他发现自己的衣服被脱下来了,换上了以前的睡衣。刚从演出现场出来时那种身上黏糊糊的感觉也没有了,他明明流了汗,还被别人也泼了些饮料酒水……
“不睡了吗?”梁晔生问。
“我今天跟你说的事,你还没答应我。”陆鸣说。
“你没有说清楚你的需求。”梁晔生却这么讲,“我不知道该答应你什么。”
陆鸣觉得梁晔生在明知故问,可是他现在很弱势,他既不想,也没有多余的钱再去找一次小l老师了。梁晔生可能只是想听他再说一遍,毕竟如果对他没感觉,也不会把他从车里带回来,还这么照顾。
于是陆鸣说:“我们复婚好不好,我不会让你再做家务了。”
梁晔生想,后半句话是怎么回事?
为什么以前他在陆鸣的口中,像一个总是闹脾气的女朋友,而现在,又仿佛一个任劳任怨被陆鸣辜负的家庭主妇?
“我没有做过,”梁晔生还是说了出来,有必要让陆鸣碎一下滤镜,毕竟用钱能解决的事情,梁晔生不知道为什么要自己动手c,ao劳。“你基本白天都出去和你朋友玩了,可能清洁阿姨每周上门的时候你没看到。”
陆鸣想,靠,怎么这句唯一能想出来的承诺都没有用武之地了。
第24章
梁晔生回答并解释了关于家务的后半句,却把前半句最关键的陆鸣的请求忽略了过去。
陆鸣的要求,现在却又太过具体了些,把梁晔生那个内心深处隐藏的定时炸弹碰到了。可现在的梁晔生,暂时还不知道该剪哪条线,只能让炸弹先放在那里,绕开它。
因为陆鸣又开始说一些非常昏头昏脑的话,脸上还开始浮现不正常的潮红,让梁晔生对陆鸣有了一些别的想法。他探身过去,堵住陆鸣喋喋不休的嘴唇。
陆鸣果然停下来了,在梁晔生准备结束这个吻的时候,陆鸣却试探着伸手虚抱住梁晔生的腰,不太想让梁晔生离开,仰着头继续这个吻,甚至还更加深入了一些。

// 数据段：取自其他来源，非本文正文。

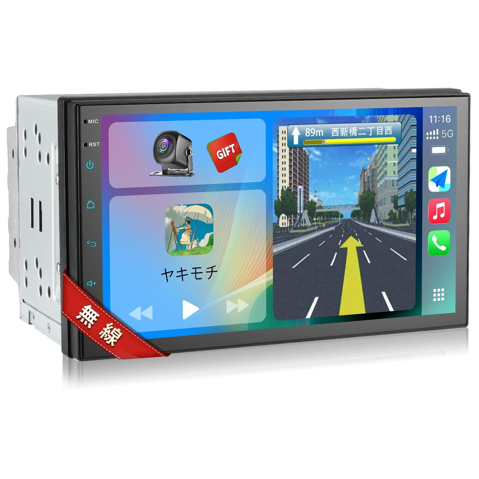 【数量限定】2DIN 7インチカーオーディオ統合ナビゲーション,30バンドEQ,1024 x 600pディスプレイ,ステレオ受信機,スマートフォンに接続されたワイドFM/AM,有線/無線CarPlay/AndroidAuto&ミラリング,リアカメラ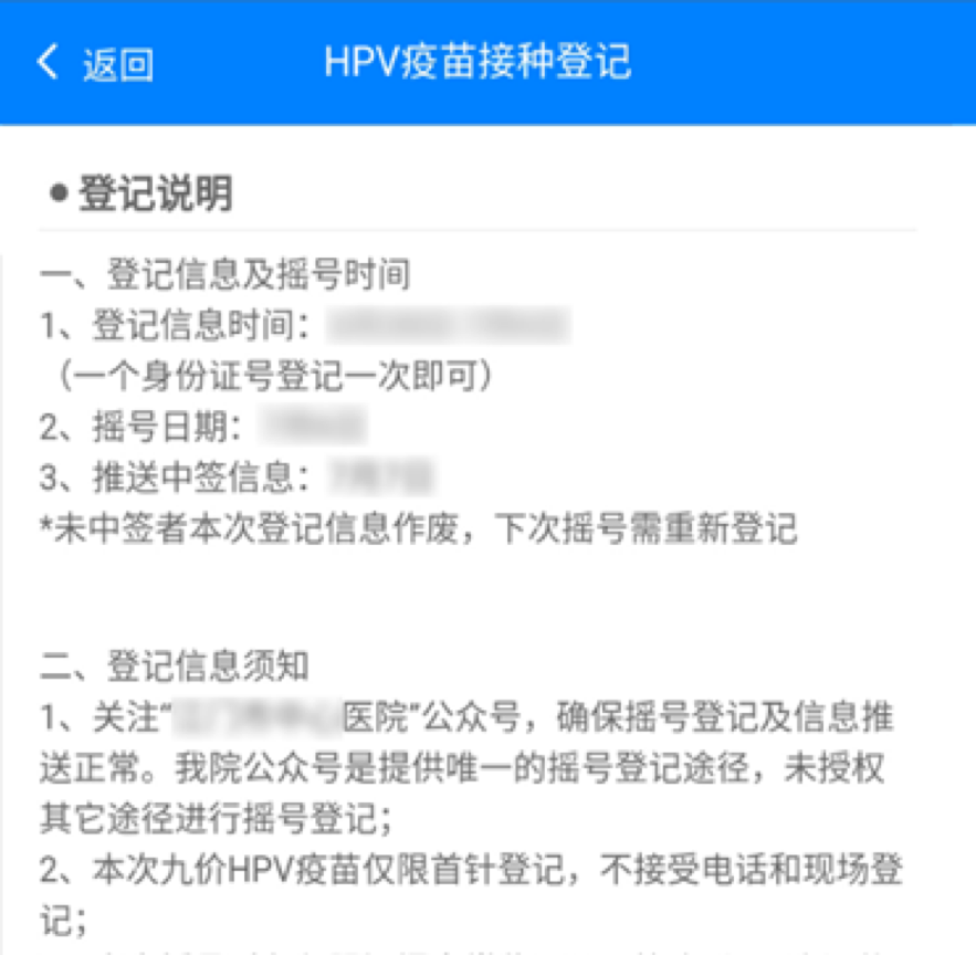 2、本次九价HPV疫苗仅限首针登记(二、三针视为无效登记),不接受电话和现场登记;全程三针需一次性缴费;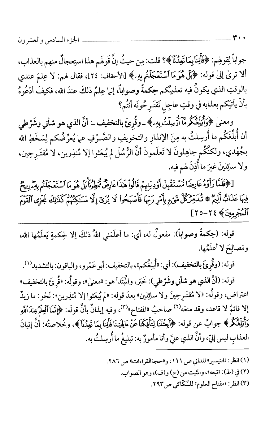 قوله: (أن الذي هو شأني وشرطي): خبر، والمبتدأ هو: "معنى"، وقوله: "قرئ بالتخفيف" اعتراض، وقوله: "لا مقترحين ولا سائلين" بعد قوله: "لم يبعثوا إلا منذرين": نحو: ما زيد إلا قائم لا قاعد، وقد منعه صاحب "المفتاح"، وفيه إيذان بأن قوله: {إنَّمَا العِلْمُ عِندَ اللَّهِ وأُبَلِّغُكُم} جواب عن قوله: {أَجِئْتَنَا لِتَافِكَنَا عَنْ آلِهَتِنَا فَاتِنَا بِمَا تَعِدُنَا}، وخلاصته: أن إتيان العذاب ليس إلي، وأن الذي علي وأنا مأمور به: تبليغ ما أرسلت به.

吻到最后,陆鸣却又带着不太强烈的怒火咬了咬梁晔生的唇。他终于还是忍不住抱怨:“以前我每次说我错了,你还是生气,可我又不知道该说什么了。我只是想跟你在一起而已,你还说要离婚。c,ao!”
他平时基本没有在梁晔生面前说过脏话,但现在不一样,他生病了,脑子都还是晕的,正是因为有了希望,所以要求更多。
再说了,梁晔生都看过他微博,恐怕早就暴露干净了,只是陆鸣今天才知道这件事而已。
以前陈狗在微博发疯的时候,说什么c市的hiho环境比不上d市一根手指头,陆鸣一生气,便也在微博掐起来,说某些d市人真是神经有问题,脑子有毛病。
他要是那时候就知道梁晔生在看,一定会加粗写上:“此处d市人专指陈訾(飞鹰的独狼那个傻x),绝不涉及其他来自d市的无辜人士,尤其是户口已经迁到c市的梁晔生市民。”
可是一边说了脏话,一边却搂得更紧,梁晔生也不再是站着的姿势了,不知不觉间,就滚到了床上。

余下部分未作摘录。